In April, I covered delirium and noted that there are many underlying etiologies that can cause it. One of those etiologies is a condition called hypertensive crisis, or more specifically, hypertensive encephalopathy. If you have a patient that is treated for hypertension in the course of their arrest, you may need a medical expert to review the records and determine how that state affected their mental status.
What is hypertension?
Guidelines for blood pressure treatment are set by the American College of Cardiology and the American Heart Association. The most recent guidelines were published in November of 2017. They are as follows (ACC, 2017):
“Normal: Less than 120/80 mm Hg;
Elevated: Systolic between 120-129 and diastolic less than 80;
Stage 1: Systolic between 130-139 or diastolic between 80-89;
Stage 2: Systolic at least 140 or diastolic at least 90 mm Hg;
Hypertensive crisis: Systolic over 180 and/or diastolic over 120…”

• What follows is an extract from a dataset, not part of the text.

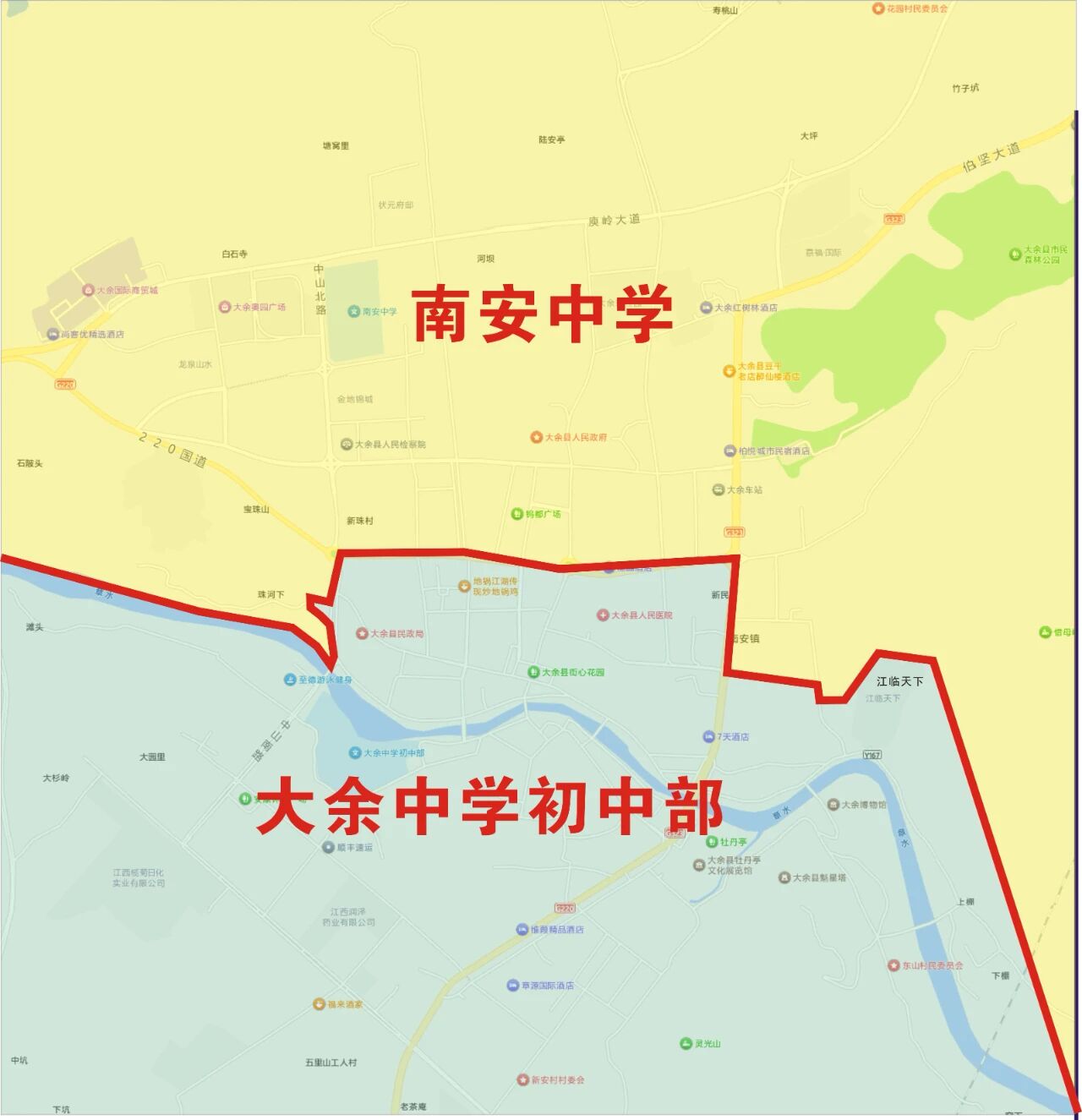 3.城區初中七年級新生按學區進行劃片招生,具體學區劃分如下:以南安大道為界,東至伯堅大道以西,西至中山北路以東,以南為大余中學初中部學區,以北為南安中學學區;考慮就近入學原則,將君臨天下小區、人民路東以東(含江臨天下小區、東山村、新建村)列入大余中學初中部學區。

Chronic hypertension vs hypertensive crisis
Chronic hypertension can result in long term morbidity related to heart disease, stroke and organ failure. However, an acute episode of hypertensive crisis can cause more drastic changes and result in organ damage over a very short period. Fortunately, with the advent of new anti-hypertensive medications, less than 1% of hypertensive patients will experience a hypertensive crisis.

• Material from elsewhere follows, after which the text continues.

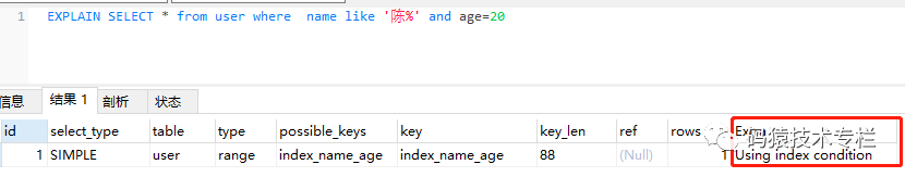 根据explain解析结果可以看出Extra的值为Using index condition,表示已经使用了索引下推。

What is hypertensive encephalopathy?
When the blood pressure reaches a level that the body can’t compensate, the result is cerebral edema. The excess fluid in the brain results in pressure and a lack of perfusion to the brain tissues. The brain cells then fail to operate normally, and some begin to die. The patient will often complain of a headache or visual changes, but they may become delirious, confused or have seizures.

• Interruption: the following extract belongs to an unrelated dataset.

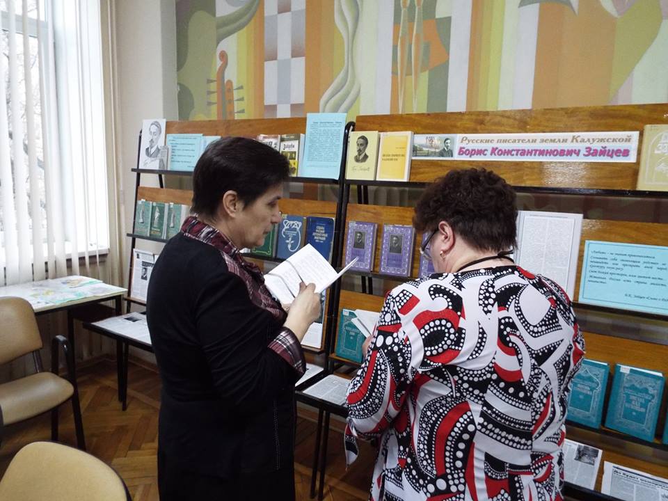 На вечере «Калужский край сквозь таинство страниц» гости познакомитесь с архивными фото и видеоматериалами, посвященными жизни и творчеству писателя, библиографическим обзором, совершили путешествие «Калуга Бориса Зайцева» по следам его произведений с главным библиографом отдела краеведения Центральной городской библиотеки им. Н. В. Гоголя Ириной Маркиной. Неподдельный интерес вызвало выступление писателя и краеведа Юрия Холопова с уточнением по известной акварели Бориса Зайцева "Домик моего учителя в Калуге". Об истории проведения 6-ти Международных Зайцевских чтений в Калуге рассказал начальник отдела Государственного архива документов новейшей истории Калужской области Андрей Прохоровский. С теплотой вспомнили на вечере организатора и вдохновителях литературных чтений в Калуге Евгения Николаевича Зайцева (1929-2005).

How does this relate to criminal cases?
If the patient is in a state of hypertensive crisis and hypertensive encephalopathy has set in, it is possible that confusion will manifest into agitation and aggression. In addition, any person in a delirious state may be unpredictable in their behavior. Hypertensive encephalopathy does not typically present suddenly; rather progressing over 24-48 hours. It will also not resolve on its own – treatment is necessary to prevent stroke and/or death.